I’m working on a new CD, and would love to quickly demo my songs in the privacy of my living room. But since I’m not under 25, I wasn’t born with a digital device in my hand. I got my first computer in the days when they were powered by gerbils running on a little treadmill, and they involved about 10 keystroke commands. That’s it.
Also in those early days, I had a cassette recorder. When I felt a new song coming on, I’d slip a cassette in, hit Record, and let it run for 45 minutes while I tried endless combinations of chords, melodies and words as I strummed my guitar. When I needed to write a line down in my notebook, I’d hit Pause. And when I was done, I’d hit Stop and then Playback. Simple.
But then the whole world went digital – and we were blessed with so-called “smart technology.” Which is really a euphemism for “really, really complicated stuff with a gazillion features that most mortals will never need or use.” Trust me, when you buy a new thingy that’s supposed to make your life simpler, and the instruction manual is twice the size of the gadget itself and runs to at least 100 pages, your life is NOT about to get simpler.
Sadly, my cassette recorder, which I bought shortly before Confederation, is now dead and beyond resuscitating.
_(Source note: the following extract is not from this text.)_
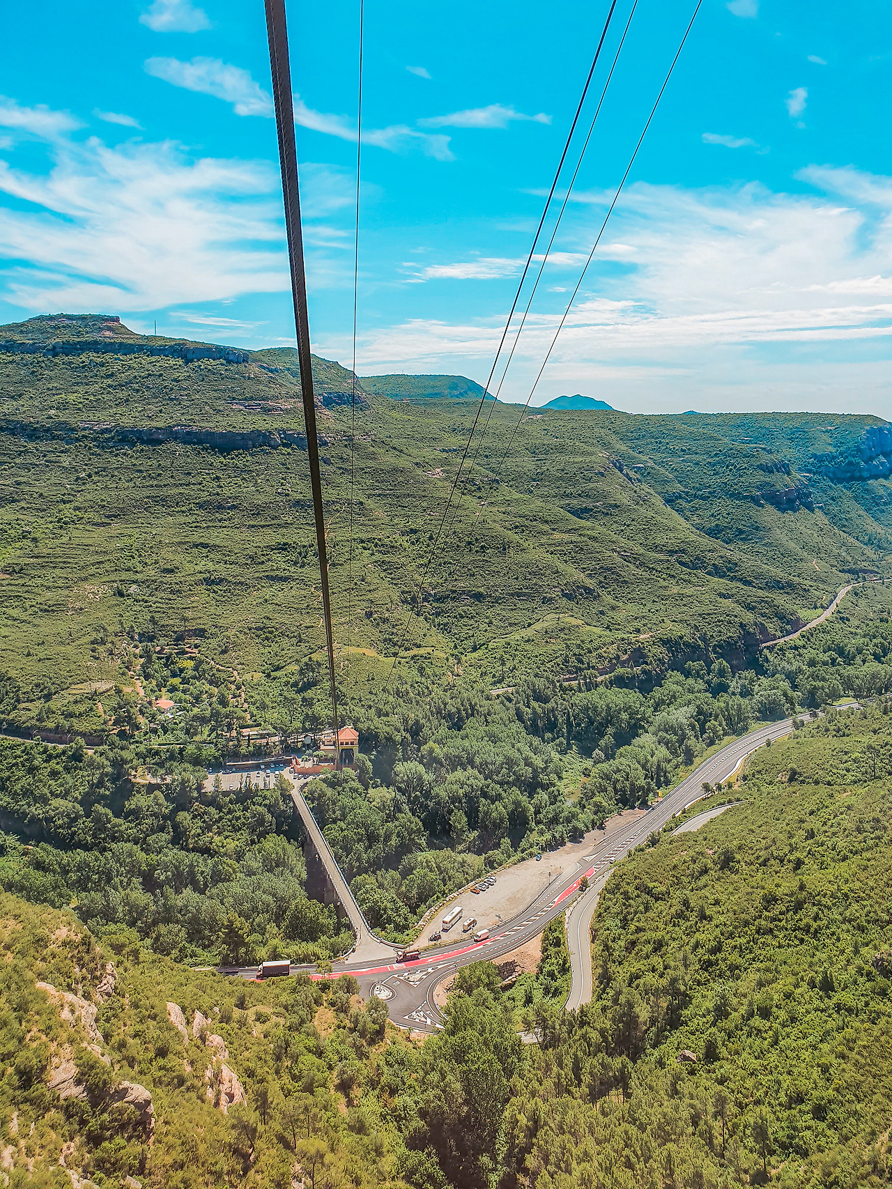 바깥을 보기 위해 한쪽 창문에 찰싹 붙은 채로 올라갔다. 창 너머로 보이는 몬세라트의 풍경은 정말 독특했다. 동시에 특징이 너무 강하게 드러나 가우디가 어떻게 이 산에서 영감을 받았는지 단번에 이해가 됐다. 이 각도는 케이블카를 탄 순간에만 볼 수 있으니 어떻게서든 담아야 했다. 한 손에는 DSLR, 한 손에는 휴대폰을 들고 카메라 렌즈를 창에 찰싹 붙여 다각도로 찍었다.

So I went looking for a digital equivalent. Hah! Instead, I can get devices with 40 kinds of reverb, a gazillion EQ settings, and satellite-tracking software for all I know, but no simple Pause button. I can get others that are slightly simpler but whose playback volume is half that of my telephone receiver: I guess the inventors assume I’m going to plug it into some other fiendishly complicated device for playback, but what if I don’t want to bother??
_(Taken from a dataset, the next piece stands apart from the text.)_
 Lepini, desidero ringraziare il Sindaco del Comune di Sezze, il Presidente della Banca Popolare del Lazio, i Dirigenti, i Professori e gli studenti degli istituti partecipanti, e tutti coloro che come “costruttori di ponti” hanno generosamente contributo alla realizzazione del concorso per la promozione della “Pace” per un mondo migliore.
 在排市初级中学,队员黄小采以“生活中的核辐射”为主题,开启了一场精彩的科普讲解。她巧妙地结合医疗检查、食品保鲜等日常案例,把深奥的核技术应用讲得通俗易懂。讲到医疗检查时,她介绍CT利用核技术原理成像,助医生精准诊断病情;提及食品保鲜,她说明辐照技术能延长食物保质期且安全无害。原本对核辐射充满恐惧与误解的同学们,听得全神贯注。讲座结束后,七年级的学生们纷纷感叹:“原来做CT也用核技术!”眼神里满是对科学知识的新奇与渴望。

Perhaps if had a Mac I could figure out GarageBand and use my computer to record, but then again, perhaps not. Because I seem to generate cyber-jamming electrowaves – things go wrong for me with both software or hardware that my computer guy has never seen happen on anyone else’s system. (Hell, I can even make someone ELSE’S computer crash just by standing next to it. It’s happened. More than once. The Pentagon should hire me as a secret weapon.) And, unlucky for me, I don’t have a 14-year-old living in the house to make it all work again.
So if anyone has a functioning cassette recorder out there they’d like to sell, let me know. I’m beyond ready again for some dumb technology!